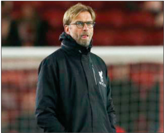
أنا قادم يا إيفرتون

لي حقا. هذه أول زيارة إلى غوديسون بارك وتطلع لها كثيرا في مرحلة مهمة جدا بالموسم» وأكد استمرار مشاركة الحارس سيمون مينويليه بعد الانتقادات التي تعرض لها لوريس كاريموس، بينما سيظل المهاجم دانييل ستوريج ولاعب الوسط إيمري تشان خارج التشكيلة.
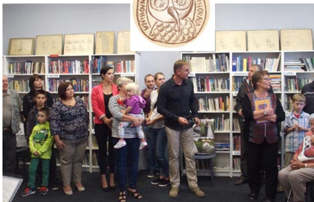
Slavnostní otevření knihovny 8. 9. 2019
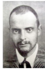
Figura 4. Paul Klee, Ensimismamiento , 1919 Figura 5. Fotografía de Paul Klee, 1912

Con esta inesperada apelación a la originariedad del ser, Blumenberg ofrecía una tentativa de solución provisional al problema de la mimesis y su puesta en suspenso a partir de la Modernidad. De esta forma sorprendente y un tanto abrupta Blumenberg cerraba su conferencia de 1956:
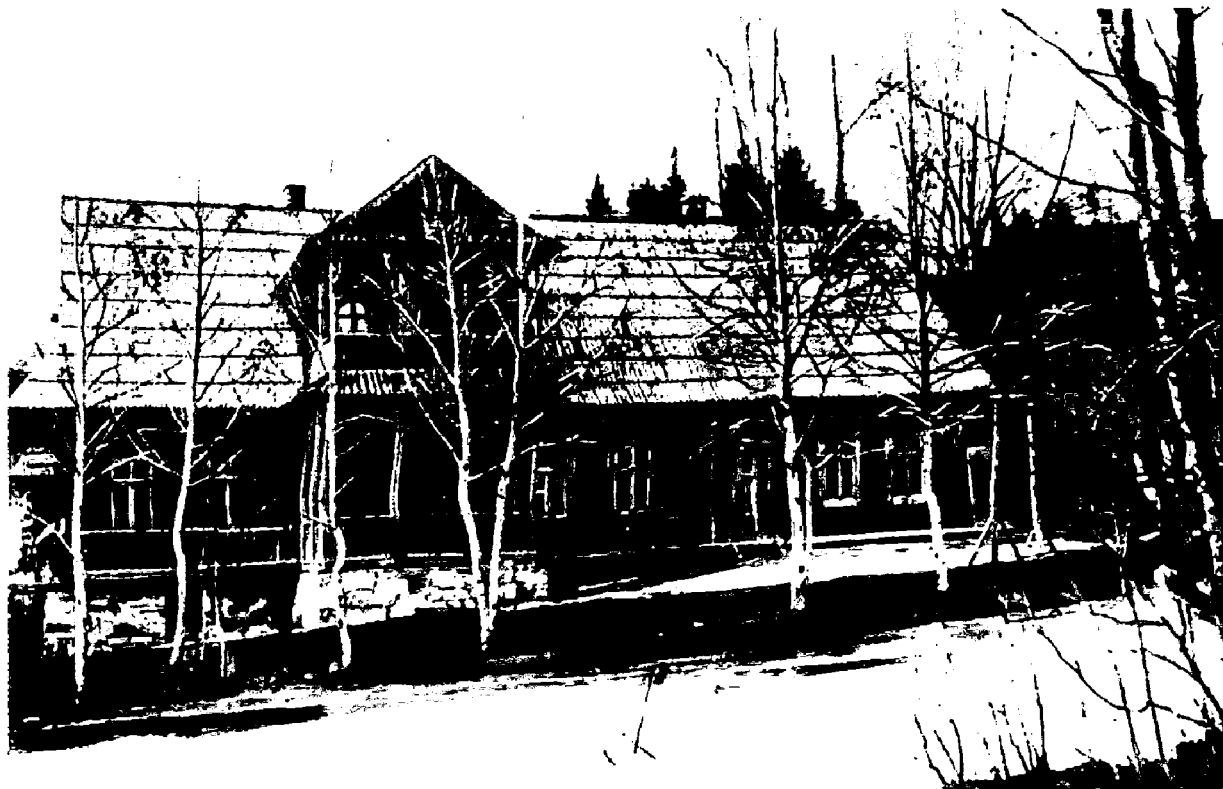
La casa en Poronin en la que vivió V. I. Lenin en el verano de 1913 y 1914

_ _ _ _ _

An exact copy of the material above is required, minus its images.

● **EXERCISE RESULT**
أنا قادم يا إيفرتون

لي حقا. هذه أول زيارة إلى غوديسون بارك وتطلع لها كثيرا في مرحلة مهمة جدا بالموسم» وأكد استمرار مشاركة الحارس سيمون مينويليه بعد الانتقادات التي تعرض لها لوريس كاريموس، بينما سيظل المهاجم دانييل ستوريج ولاعب الوسط إيمري تشان خارج التشكيلة.
Slavnostní otevření knihovny 8. 9. 2019
Figura 4. Paul Klee, Ensimismamiento , 1919 Figura 5. Fotografía de Paul Klee, 1912

Con esta inesperada apelación a la originariedad del ser, Blumenberg ofrecía una tentativa de solución provisional al problema de la mimesis y su puesta en suspenso a partir de la Modernidad. De esta forma sorprendente y un tanto abrupta Blumenberg cerraba su conferencia de 1956:
La casa en Poronin en la que vivió V. I. Lenin en el verano de 1913 y 1914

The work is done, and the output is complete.